Right to Play, an international organization that uses sports to educate and empower youth facing adversity, brought its Hockey for Development program to the northern communities along with a former NHL player and an Olympic gold medalist.
The program made its first stop in Attawapiskat prior to the Christmas holidays, said Lauren Simeson, sport for development manager at Right To Play,
“Attawpaiskat is full of kids,” Simeson said, noting that 150 kids took part in the program. “They all have equipment. Their on-ice skill is amazing. They’re really talented hockey players.”
John Chabot, a former NHL player and member of Kitigan Zibi Anishinabeg First Nation in Quebec, facilitated the camp.
The program then made its way to Webequie, where about 100 youth took part in the camp led by Sami Jo Small, a two-time Olympic gold medalist with the women’s ice hockey team.
In Sachigo Lake, 100 local youth were joined by about 20 from Muskrat Dam.
“We’re bringing communities together and working together and encouraging them to bring their kids together to do more things,” Simeson said.
In early February, the program was in KI, where 70-80 youth took part. They also received 50 sets of equipment thanks to a partnership Right to Play has with NHLPA’s Goals & Dreams Fund. The equipment was theirs to keep following the program.

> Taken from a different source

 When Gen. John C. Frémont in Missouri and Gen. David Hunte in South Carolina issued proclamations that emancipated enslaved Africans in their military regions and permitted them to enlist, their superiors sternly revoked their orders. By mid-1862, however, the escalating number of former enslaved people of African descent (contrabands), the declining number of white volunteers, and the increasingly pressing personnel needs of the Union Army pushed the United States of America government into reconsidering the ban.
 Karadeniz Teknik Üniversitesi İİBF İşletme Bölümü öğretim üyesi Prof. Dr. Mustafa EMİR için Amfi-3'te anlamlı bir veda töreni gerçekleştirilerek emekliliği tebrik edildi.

Simeson said the first day of the program is introductory and opens with a family skate. Then the youth take part in structured practice sessions before a full scrimmage on the last day. And the youth are usually divided up by age group, which ranged from four-years-old to the mid-20’s.
Simeson said the change in the youth’s skill development and mentality throughout the camp is noticeable.
“They enjoyed different drills and stick handling,” she said. “And you see a lot of
leadership where the older youth work with younger kids. And there’s a lot of encouraging remarks, a lot of teamwork.”
The youth also learned some life skills along the way.
“Leadership, cooperation and teamwork: they’re all inherent through sport,” Simeson said.
The program also included off-ice sessions, such as leadership skills, team building, and goal setting activities.
In KI, there were also seven adults that took part in a coaching workshops and who are on their way to be certified coaches with Hockey Canada.
It is the third year the program has been in north. It was previously in Pikangikum, Moose Cree, Wapekeka, Sandy Lake and Marten Falls.
The Hockey Development program is part of a larger program called PLAY (promoting life skills in Aboriginal youth), which is offered in 45 First Nation communities in Ontario.
PLAY employs a community mentor in each community and includes two core programs in youth leadership and after-school programming, the latter often led by youth.